**What is needed:** Extract only the lines from the start of the entries below to the line with "Las iglesias etíopes", inclusive; omit every picture.

**Supplied data:**

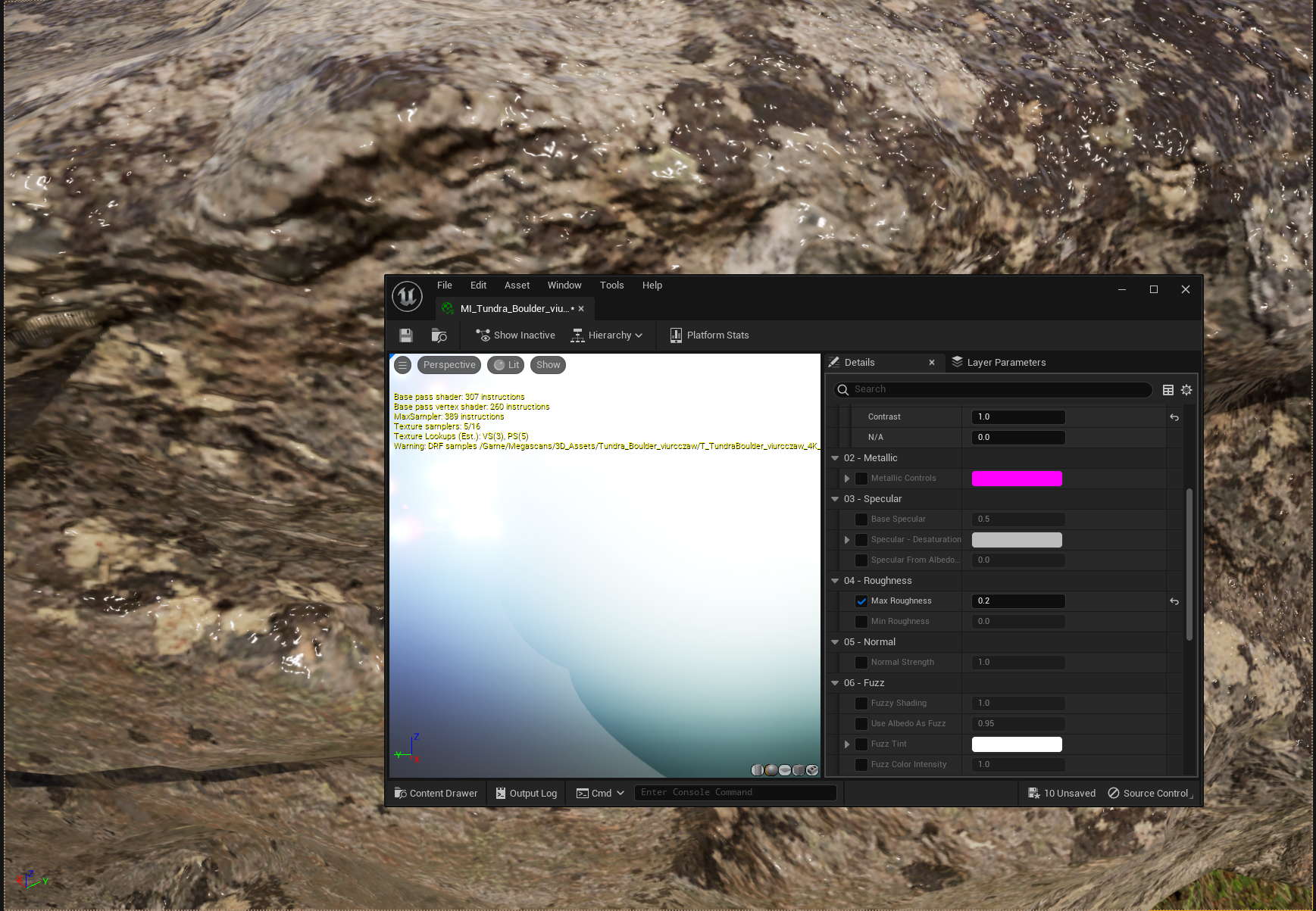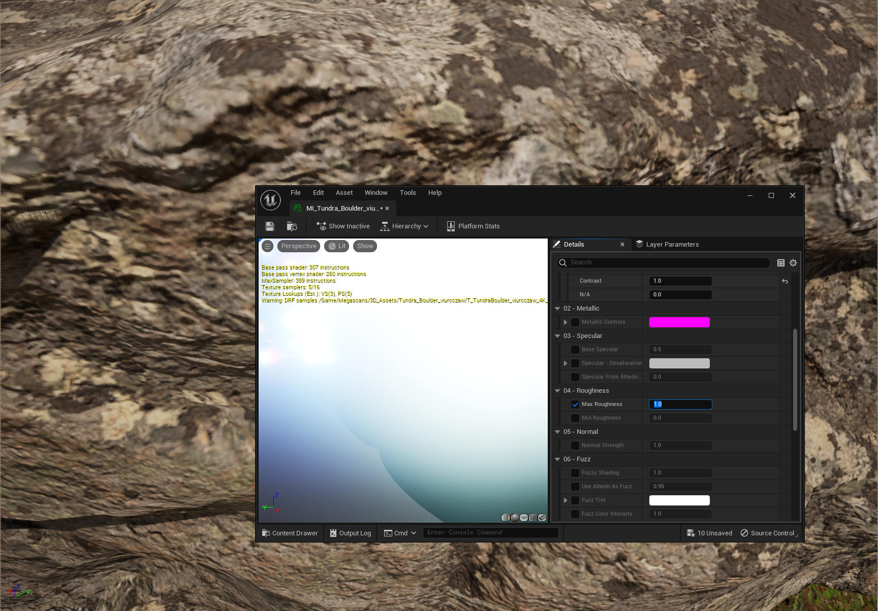 04 Roughness > Max Roughness의 값을 살짝 낮추고 에셋을 봐보자.
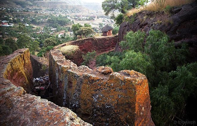 Las iglesias etíopes están siempre circundadas, junto a sus capillas auxiliares, bibliotecas y demás dependencias anexas, por una muralla de piedra que encierra el recinto sacro en su conjunto. En el caso de Lalibela, las murallas son rupestres, esculpidas en la roca madre.
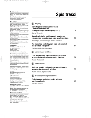 MiR_1.qxd 2013-04-24 19:12 Page 1 Komitet redakcyjny: Prof. dr hab. Ireneusz Rutkowski (redaktor naczelny) Prof. dr hab. Mirosław Szreder (redaktor statystyczny) Dr Jan Pindakiewicz (redaktor tematyczny) Monika Sikorska (sekretarz redakcji) Jarosław Sawicki (współpraca) ^ ^ Adres redakcji: 00-099 Warszawa, ul. Canaletta 4, p. 301 tel. (22) 827 80 01 w. 314 faks (22) 827 55 67 e-mail: [email protected] strona internetowa: www.marketingirynek.pl Wersja drukowana czasopisma jest wersją pierwotną. Informacje dla autorów, zasady recenzowania i lista recenzentów są dostępne na stronie internetowej czasopisma. Czasopismo naukowe punktowane przez Ministerstwo Nauki i Szkolnictwa Wyższego (7 punktów). Redakcja zastrzega sobie prawo do opracowania redakcyjnego oraz dokonywania skrótów w nadsyłanych artykułach. Streszczenia opublikowanych artykułów są dostępne online w międzynarodowej bazie danych CEJSH (http://cejsh.icm.edu.pl). Wydawca: Polskie Wydawnictwo Ekonomiczne S.A. 00-099 Warszawa, Canaletta 4 http://www.pwe.com.pl Warunki prenumeraty: Cena prenumeraty w 2013 roku: rocznej 612 zł, kwartalnej 153 zł. Cena 1 egz. 51 zł brutto (w tym 5% VAT). Nakład wynosi poniżej 15 000 egz. Prenumerata u Wydawcy: roczna 550,75 zł (10% rabatu), półroczna 290,68 zł (5% rabatu). Dowolne numery, także numery archiwalne, można zamawiać w Dziale Handlowym PWE: tel. (22) 827 75 94, e-mail: [email protected] Prenumerata u kolporterów: Poczta Polska: tel. 801 333 444; dla tel. komórkowych i z zagranicy (+48) 438 420 600 Ruch: tel. infolinii 801 800 803; (22) 717 59 59 Kolporter: tel. infolinii 801 404 044, (22) 355 04 72 Garmond Press: tel. (22) 837 30 08 Skład: Polskie Wydawnictwo Ekonomiczne S.A. Druk: Lotos Poligrafia Artykuły Marketingowa koncepcja kreowania i rozpowszechniania idei — zarys strategii marketingowej (cz. II) 2 Andrzej Szromnik Klasyfikacja barier podejmowania współpracy z otoczeniem gospodarczym przez uczelnie wyższe 10 Paweł Bryła, Tomasz Jurczyk, Tomasz Domański The marketing control system from a theoretical and practical viewpoints 17 ^ Rada naukowa: Prof. dr hab. Natalia Czuchraj (Narodowy Uniwersytet ,,Politechnika Lwowska”, Ukraina) Prof. Ing. Jaroslav Dad’o (Uniwersytet Mateja Bela, Bańska Bystrzyca, Słowacja) Prof. Ing. Ferdinand Dano (Uniwersytet Ekonomiczny w Bratysławie, Słowacja) Prof. dr hab. Tomasz Domański (Uniwersytet Łódzki) Prof. Janet Fredericks (Northeastern Illinois University w Chicago, USA) Prof. dr hab. Ryszard Kłeczek (Uniwersytet Ekonomiczny we Wrocławiu) Prof. dr hab. Henryk Mruk (Uniwersytet Ekonomiczny w Poznaniu) Prof. dr hab. Jan W. Wiktor (Uniwersytet Ekonomiczny w Krakowie) Prof. dr hab. Leszek Żabiński (Uniwersytet Ekonomiczny w Katowicach) Spis treści Ferdinand Dano, Eva Hanuláková Marketing w praktyce Lead management jako źródło short-term wins w procesie zarządzania relacjami z klientami 24 Bartosz Deszczyński Realia rynku Wybrane aspekty zachowań oszczędnościowych gospodarstw domowych w Polsce 33 Paulina Anioła, Zbigniew Gołaś Z czasopism zagranicznych Projektowanie produktu z punktu widzenia teorii zarządzania Jarosław Sawicki 40 MiR_1.qxd 2013-04-24 19:12 Page 2 Artykuły Andrzej Szromnik Katedra Handlu i Instytucji Rynkowych, Uniwersytet Ekonomiczny w Krakowie Marketingowa koncepcja kreowania i rozpowszechniania idei — zarys strategii marketingowej (cz. II) Adresaci idei — podmioty komunikacji marketingowej 1 oraz oddziaływania Proces kształtowania nowych idei, ich komunikowania oraz aktywnego upowszechniania wymaga zaangażowania wielu osób oraz instytucji o różnych cechach, pozycjach społecznych oraz funkcjach. Rosnąca złożoność samych idei jako koncepcji, pomysłów i receptur, obecność licznych idei konkurencyjnych, ale także obserwowana społeczna niechęć do zmian, studiów oraz analiz (to subiektywne, indywidualne koszty ich przeprowadzenia) czynią odpowiednie działania coraz trudniejszymi, wieloskładnikowymi oraz wielopodmiotowymi2. Coraz częściej realizacja założonych celów końcowych uzależniona jest od: z profesjonalizmu działań, z właściwej harmonizacji i częstości przedsięwzięć, z rodzaju oraz liczby podmiotów partnerskich i wspomagających, z liczby zaangażowanych osób oraz ich pozycji społecznej (miejsca w lokalnych i regionalnych sieciach wpływu), z sprawności oraz dynamiki działań. Zasygnalizowane złożone, różnorodne i dynamicznie zmieniające się warunki przygotowania oraz realizacji przedsięwzięć marketingowych przyczyniają się do konieczności korzystania z pomocy 1 Jest to część druga artykułu, który ukazał się w numerze 4 „Marketingu i Rynku”. 2 B. Iwankiewicz-Rak, Marketing w organizacjach pozarządowych — obszary zastosowań, Wyd. UE, Wrocław 2011. 2 oraz pośrednictwa instytucji o wyspecjalizowanym zakresie funkcji. Specjalistyczne, profesjonalne organizacje przejmują na siebie operacje wymagające specyficznych, wąsko określonych kompetencji w sferze marketingowego opracowywania idei, form ich przekazywania oraz aktywnego wdrażania. W ten sposób kreatorzy idei, ich inicjatorzy — twórcy wyręczani są przez odpowiednio przygotowane organizacje marketingowe, medialne, techniczne, informatyczne i eventowe o bogatym doświadczeniu i dorobku w działaniach na rynku idei3. W kanałach przekazu idei, czyli zbiorze podmiotów uczestniczących w procesie przekazu idei, poczynając od ich twórców, a kończąc na ich adresatach, wyróżnić można: z osoby fizyczne zaangażowane w kampanie marketingowe, w tym członkowie, aktywiści, zwolennicy, na różnych etapach ich realizacji, z agencje marketingowe i informacyjne, z pracownie projektowe, artystyczne, muzyczne itp., z redakcje medialne — prasa, radio, telewizja (media-operatorzy), z firmy usług internetowych, z organizacje branżowe — wiodące dla określonej idei, z organizatorzy wyspecjalizowanych eventów. W ten sposób, uwzg
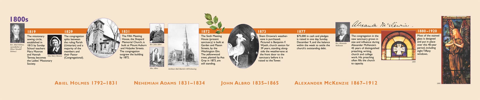 - 1831 Fifth Meeting House is built at the corner of Mt. Auburn and Holyoke streets.
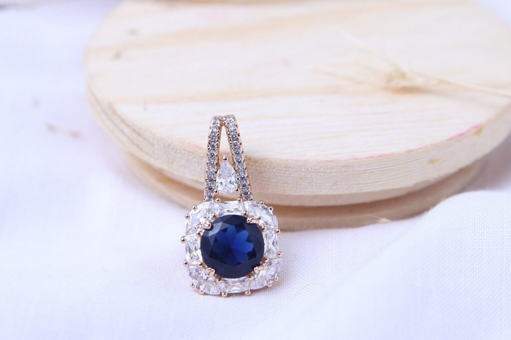 Indulge in the captivating beauty of this exquisite pendant necklace. A deep, oval-cut sapphire takes center stage, surrounded by a dazzling halo of clear, sparkling crystals. The warm rose gold-toned setting enhances the rich blue hue of the sapphire and the brilliance of the surrounding crystals. The pendant gracefully suspends from a delicate, matching chain, creating a timeless piece perfect for adding a touch of sophisticated glamour to any occasion.
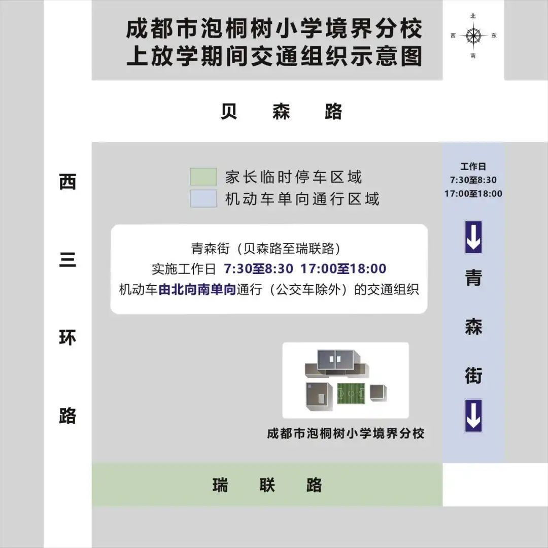 (四)成都市泡桐树小学周边的青森街(贝森路至瑞联路)实施工作日7:30至8:30,17:00至18:00机动车由北向南单向通行(公交车除外)的交通组织。
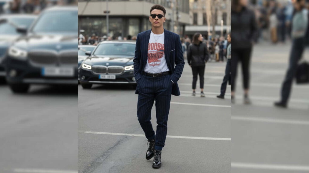Pairing a graphic tee with a sharp blazer balances casual and sophisticated elements. Slim-fit trousers or skirt keep the look runway-appropriate. Accessories like sleek boots or statement glasses add modern flair.
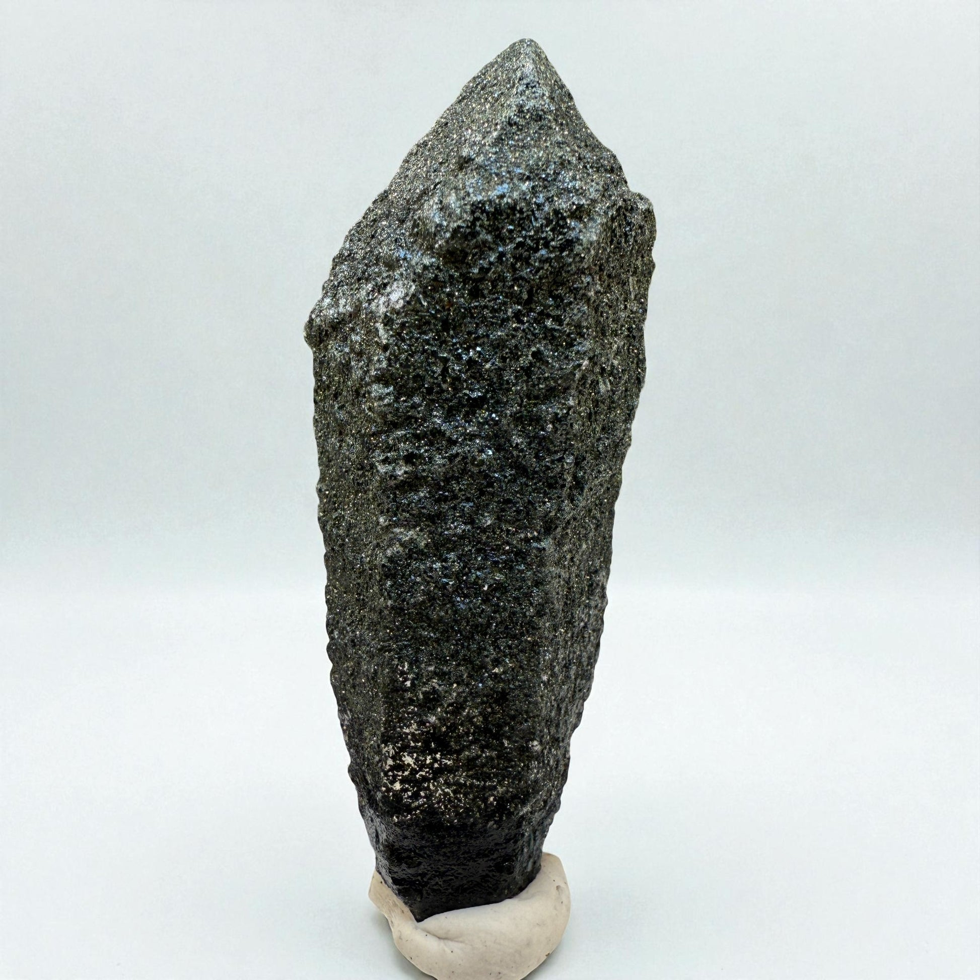 From the pegmatite zones of Gilgit-Baltistan, this striking Chlorite Quartz crystal combines bold surface character with a strong geometric form. The dark green chlorite coating enhances the crystal’s natural structure, creating a specimen that bridges beauty and mineral science. A distinctive addition for collectors of quartz and alpine minerals.
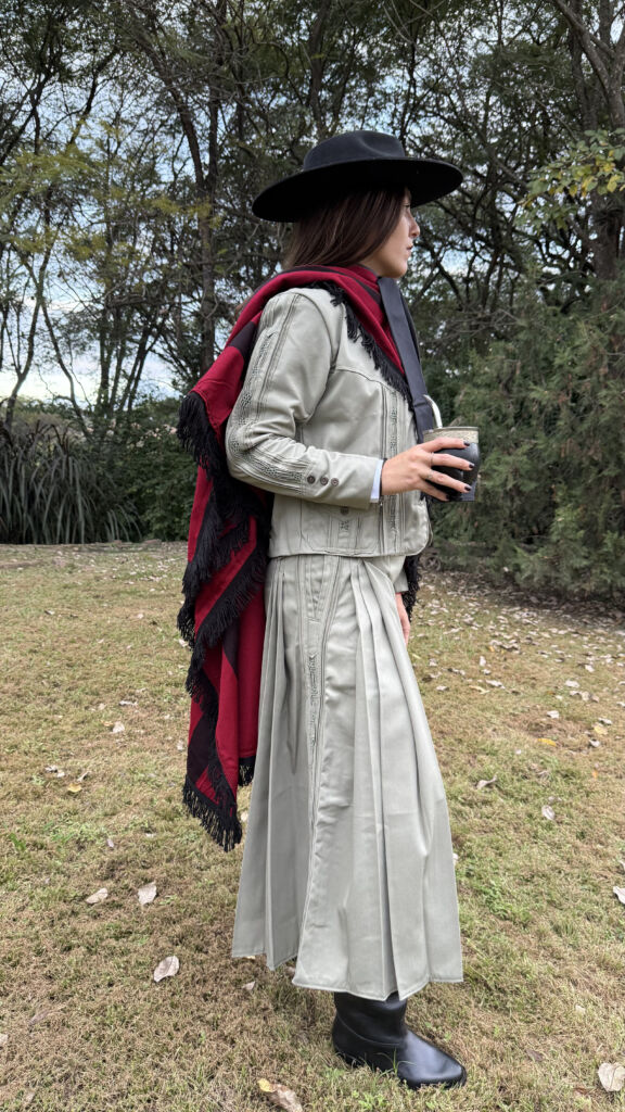 Traje de gaucho de dama con pollera pantalón tableada
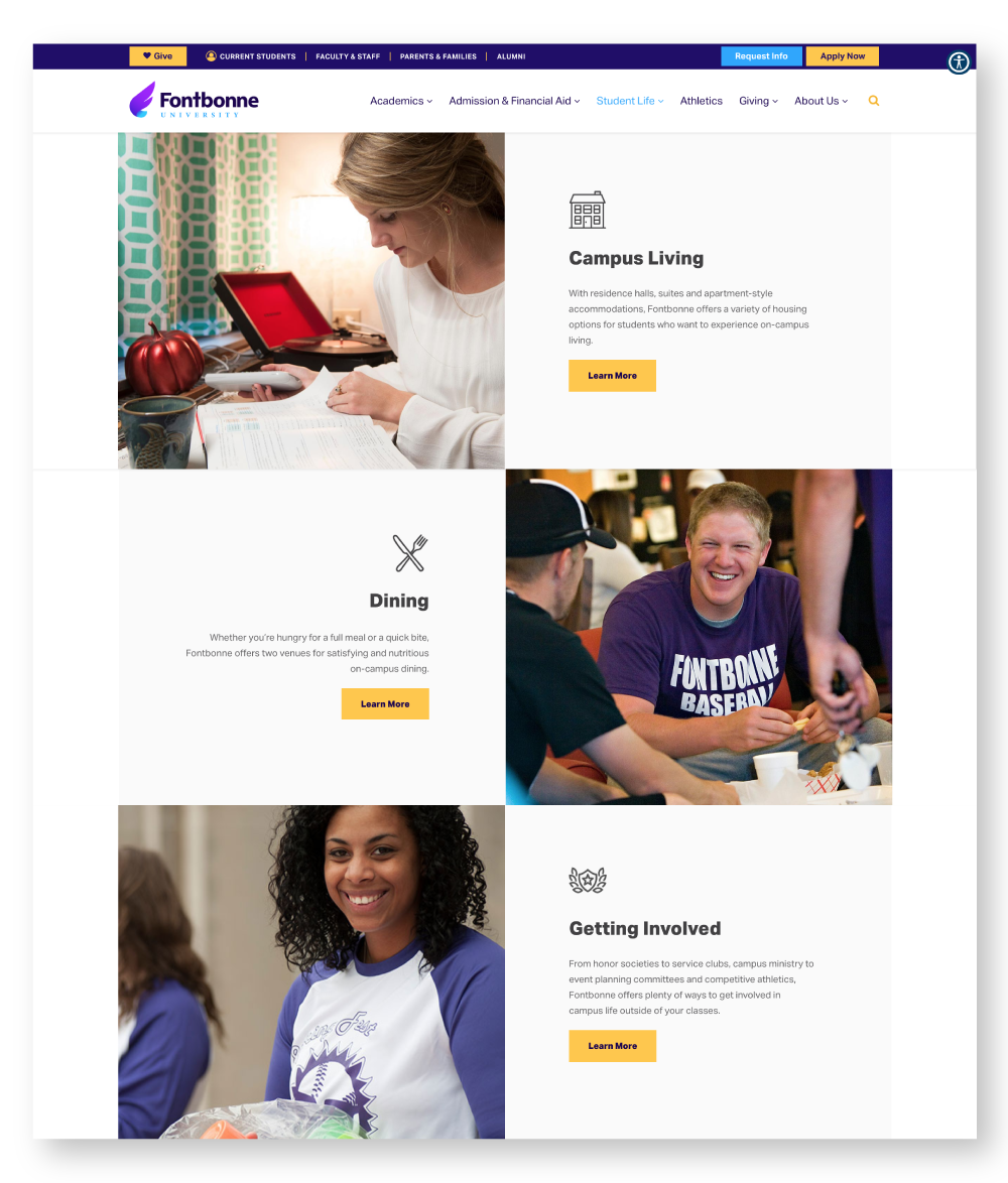 With awareness low and perception misconstrued, Fontbonne University was committed to updating and revitalizing their identity with a new brand and website. It was our task to bring it to life.
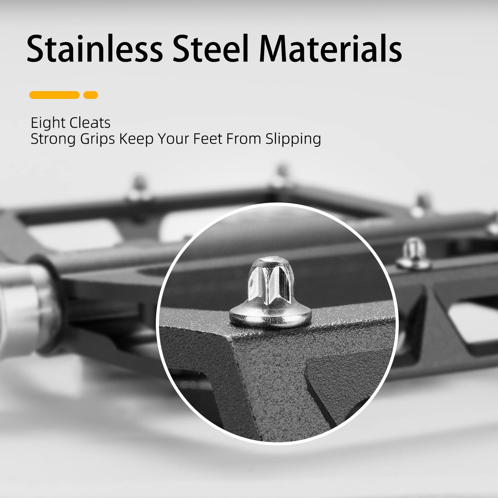 - ★WIDE PLATFORM & SUPER GRIPPY: The aluminum body is 101*92mm relatively large. It ensures more riding stability.Besides, Stainless steel anti-skids spikes on one side of the mountain bike pedals provide the good grip for you.We also have divided the pedals on the left and right with signs, L for left; R for right.
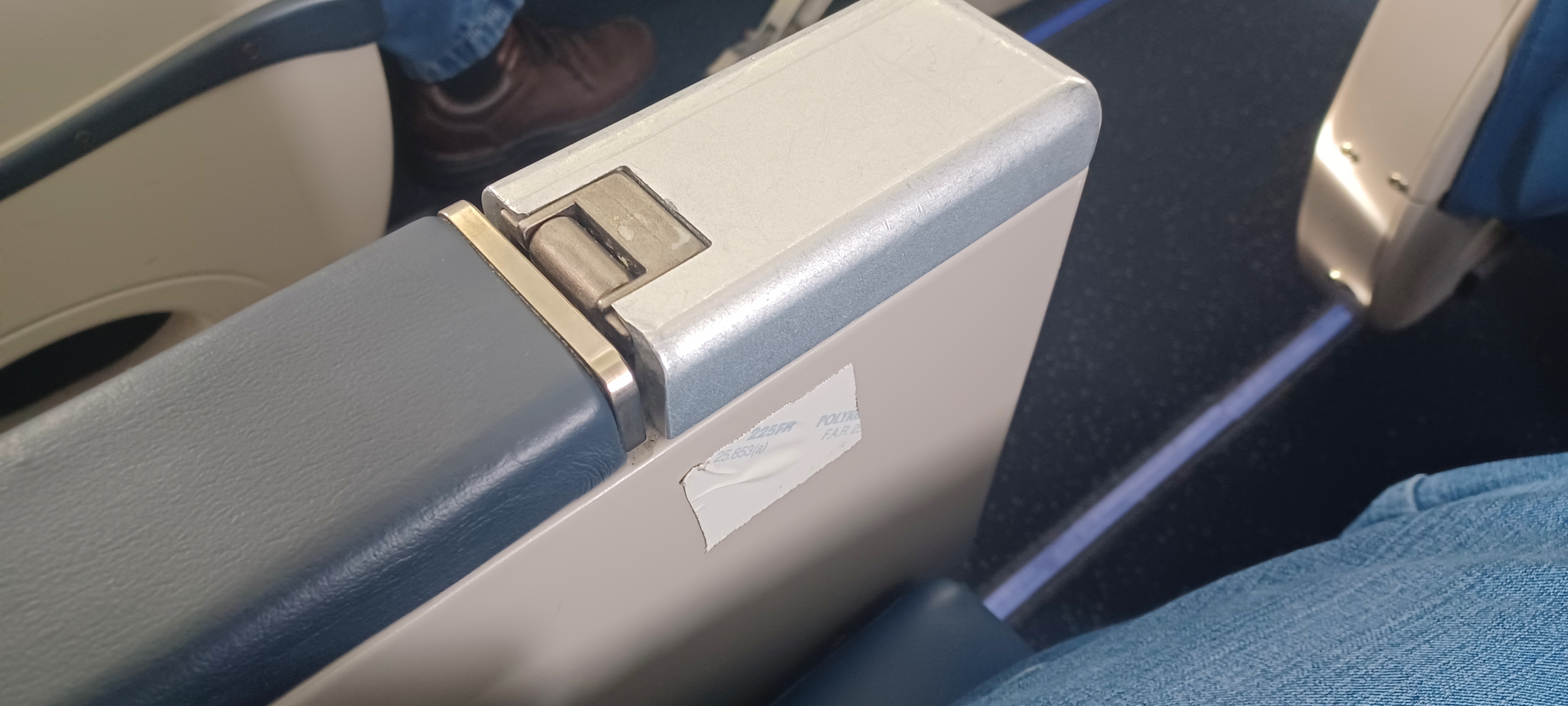This was my recline button on my flight home to South Bend from Atlanta earlier this week. Yeah, even these better than CRJ200 jets are showing their age.

**Output below:**
 04 Roughness > Max Roughness의 값을 살짝 낮추고 에셋을 봐보자.
 Las iglesias etíopes están siempre circundadas, junto a sus capillas auxiliares, bibliotecas y demás dependencias anexas, por una muralla de piedra que encierra el recinto sacro en su conjunto. En el caso de Lalibela, las murallas son rupestres, esculpidas en la roca madre.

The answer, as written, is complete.